Marcos Magalhães*
Há pouco mais de três anos, quando se ensaiavam os primeiros passos da campanha eleitoral que levaria Luis Inácio Lula da Silva ao Palácio do Planalto, o então ministro da Fazenda, Pedro Malan, não encontrou ouvidos para sua pregação de um amplo pacto político em defesa da estabilidade econômica. Agora é a vez de seu sucessor no cargo, Antonio Palocci. Ele pretende construir um programa fiscal de longo prazo, que permita a redução gradual das taxas de juros. Mas também não parece ter obtido, até agora, boa acolhida a suas propostas.

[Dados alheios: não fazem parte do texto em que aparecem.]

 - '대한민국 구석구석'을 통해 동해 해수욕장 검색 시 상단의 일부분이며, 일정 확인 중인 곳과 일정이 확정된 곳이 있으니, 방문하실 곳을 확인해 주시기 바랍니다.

Malan sugeria que o “principal partido de oposição” da época adotasse um compromisso com a estabilidade, até como sinalização para os investidores de que o país não mudaria bruscamente de rumo. As permanentes críticas do PT à política econômica, porém, acabaram abrindo caminho para um grande clima de desconfiança, que permitiu o aumento da inflação. O novo governo acabou tendo de promover um enorme ajuste para retomar o controle da economia, e só agora começa a projetar um novo período de crescimento sustentado para os próximos anos.
Crescimento que até agora não ganhou a velocidade suficiente para encantar os empresários ou a própria base política do governo. Daí surgem as principais dificuldades do sucessor de Malan para encontrar os mesmos ouvidos simpáticos. Palocci quer um programa de longo prazo, que inclua um ajuste fiscal ainda maior do que o atual, com a elevação do superávit primário – receita menos despesa, excluídos os juros – para 5% do Produto Interno Bruto (PIB), a fim de permitir a queda da dívida pública em relação ao PIB e a conseqüente redução das taxas de juros.

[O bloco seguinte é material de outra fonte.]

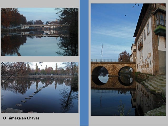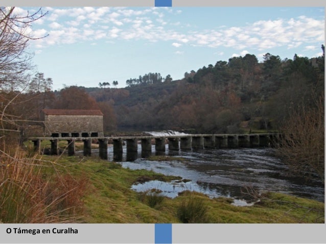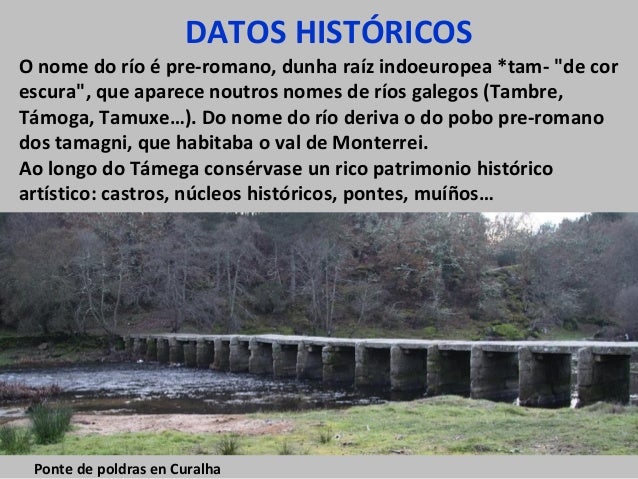 53. 53. DATOS HISTÓRICOS O nome do río é pre-romano, dunha raíz indoeuropea *tam- "de cor escura", que aparece noutros nomes de ríos galegos (Tambre, Támoga, Tamuxe…). Do nome do río deriva o do pobo pre-romano dos tamagni, que habitaba o val de Monterrei. Ao longo do Támega consérvase un rico patrimonio histórico artístico: castros, núcleos históricos, pontes, muíños… Ponte de poldras en Curalha

Mas esbarra na resistência da ministra-chefe da Casa Civil, Dilma Rousseff, e de uma frente de outros ministros, que inclui Jaques Wagner, das Relações Institucionais, e Luiz Marinho, do Trabalho. Até agora, Palocci sempre tem contado com a simpatia de Lula. Nessa nova disputa interna do governo, porém, ainda não se pode prever se ele contará com a mesma sorte. A coalizão contrária ao novo ajuste quer mais recursos disponíveis para colocar em prática obras e programas que sirvam como vitrine do governo nos meses que antecedem a campanha eleitoral. Vitrine que ajude o Lula recandidato na busca dos votos perdidos a partir do início da crise política.
Curiosamente, os cálculos da equipe econômica para a conquista de novas metas fiscais coincide com o calendário político – mas apenas em médio prazo. Com a elevação do superávit primário para 5% do PIB, espera-se alcançar o déficit nominal zero – ou seja, receitas iguais às despesas, aí incluídos os juros – em cinco anos. Isto é, ao final de um possível segundo mandato, o presidente poderia passar a faixa ao sucessor levando para a História o saneamento das contas públicas brasileiras e a abertura de um ciclo de redução desta mesma dívida e de crescimento mais acelerado.
Valerá a pena? O risco será calculado pelo próprio Lula, que para chegar até lá ainda precisa vencer uma eleição que promete ser para lá de disputada. A favor de Dilma e seus companheiros, a rápida visibilidade dos efeitos de investimentos feitos a partir de execução mais generosa do Orçamento da União. A favor da equipe econômica, argumentos como o levantado há poucos dias em São Paulo pelo vice-presidente do Banco Mundial Michael Klein, para quem a redução da relação da dívida em relação ao PIB agradaria aos investidores, que ainda pedem juros elevados para comprar títulos do governo por terem dúvidas quanto à sustentabilidade do pagamento da dívida.
No meio do caminho, existe ainda um pequeno problema a resolver. Vencem no final de 2007, primeiro ano do próximo governo, a Contribuição Provisória sobre Movimentação Financeira (CPMF) e a Desvinculação de Receitas da União (DRU), que permite ao governo movimentar livremente 20% de suas receitas. Se nada for feito até o primeiro semestre do ano que vem, o problema cairá no colo do próximo presidente, que terá de mobilizar um enorme capital político para aprovar em seu primeiro ano de mandato emendas constitucionais que prorroguem a CPMF e a DRU.
A equipe econômica tem emitido sinais de que deseja antecipar este debate e patrocinar a imediata tramitação de emendas destinadas a prolongar a CPMF – cuja alíquota cairia de 0,38% para 0,08% em dez anos – e a promover a elevação da DRU de 20% para 35% ao longo de seis anos. Medidas como essas, especialmente em um ambiente de crise política, só serão aprovadas por meio de um amplo acordo com a oposição. Resta saber se as mesmas medidas terão apoio da oposição interna do governo. Caso contrário, ficarão tão esquecidas como os apelos feitos em 2002 por Pedro Malan.